Mr Serwotka has previously publicly criticised Labour’s “move rightwards”.

Labour said it would not comment on individual cases but said people “who don’t share aims of values of the Labour party don’t get a vote”.

The PCS, which represents civil servants, is not affiliated to the Labour Party and is part of the Trade Union and Socialist Coalition, which stood against Labour candidates at the general election.

Just so we are clear: the general secretary of the main union representing public sector workers (you know, the kind of workers that Labour actually likes and supposedly exists to represent – contrast with ‘the bankers’) is being denied the opportunity to join the party and vote for its leader. Because to be a trade union leader and represent the interests of your members according to your conscience is now anathema to the values of the Labour Party.

This blog is no great fan of Mark Serwotka. But if someone like Serwotka – a union man through and through – is denied the opportunity to re-join the Labour Party and participate in its governance, one has to wonder what the Labour Party possibly still stands for.

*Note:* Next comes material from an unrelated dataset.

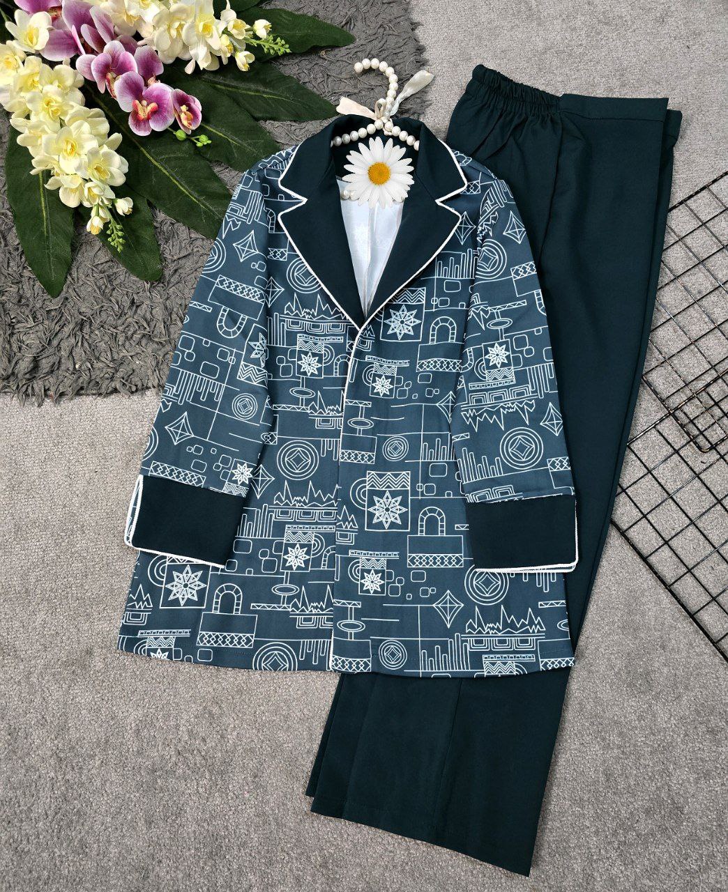 ✨شناسه : #9690 ✨نام : کت شلوار فاخر ✨جنس : مازراتی با کیفیت کت لایی کوبی شده ✨رنگ بندی : سبز کله غازی, سورمه ای, مشکی ✨سایز ها : فری 36/46 ✨ 🌸قد شلوار 103حدودا 🌸قد کت 70 سانت حدودا 🌸دور سینه 107 سانت حدودا 🌸قد آستین 55 سانت حدواد جلو کار کاملا لایی کوبی شده 🎈 شلوار بگ پشتش کش داره جلو هم دکمه و زیپ داره🎈 بسیار با کیفیت 🎈 خوش پوش🎈 خوش دوخت🎈 مزونی👌
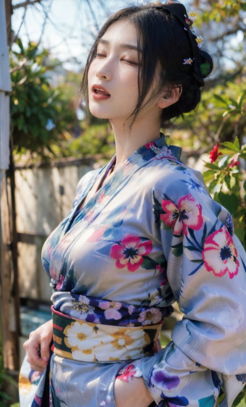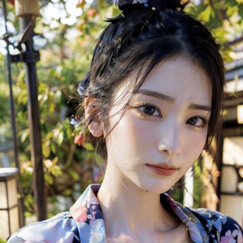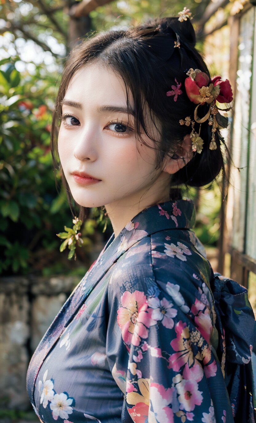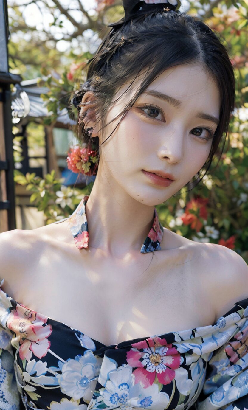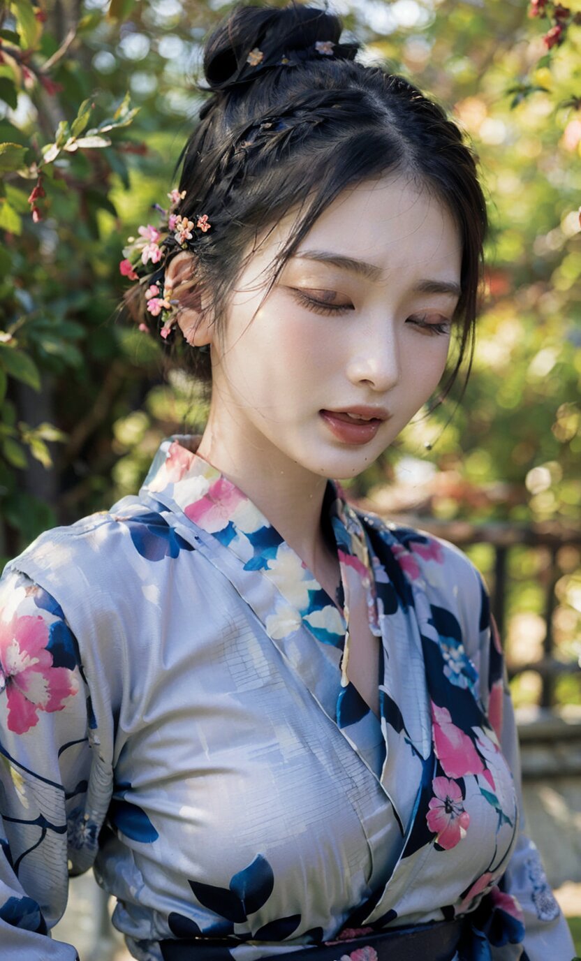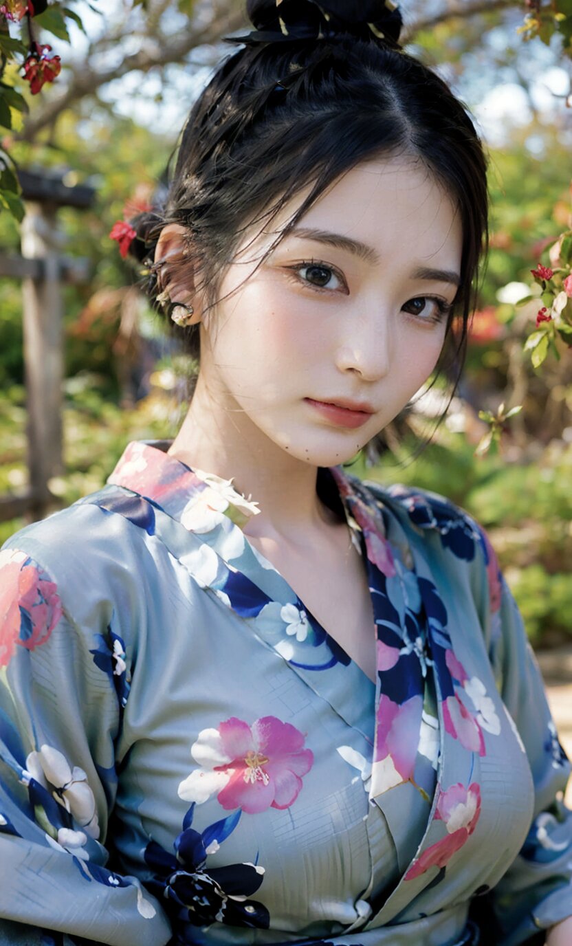 (8k, best quality, masterpiece:1.4), (realistic, photo-realistic:1.6), ultra-detailed, (sexy pose, from front: 1.8), 1girl, solo, 22 years old, (slender: 1.6), long hair, (upper body, face: 1.6), perfect body, highly detailed, shiny skin, shiny hair, looking away, (floral printed kimono, japanese style hair bun: 1.6), (temple garden: 1.2), <lora:rin_v01:1>

Labour are making an example out of Serwotka not because he holds values which are incompatible with the Labour Party – if so, I defy anyone within the party to name the value that they do not share in common. No, this vindictive move is all about Serwotka being an embarrassment to the Labour Party by having remained more faithful to Labour’s socialist roots than the vacillating, virtue signalling party of Ed Miliband.

And Mark Serwotka is not alone – thousands of people, it seems, are now being purged from the Labour Party not because they hold antithetical views but simply because they became impatient with Labour’s slow-moving centrist approach and expressed their support for another party or candidate.

But if supporting Jeremy Corbyn too fervently marks one out as far-left ‘entryist’ and coming down too hard on the other side makes one a hated Blairite, who exactly does Labour want to come to their party?

As a reminder, here are the stated aims and values of the Labour party, taken directly from the party’s own website. I critique the values themselves – such as they are – here, in a separate post.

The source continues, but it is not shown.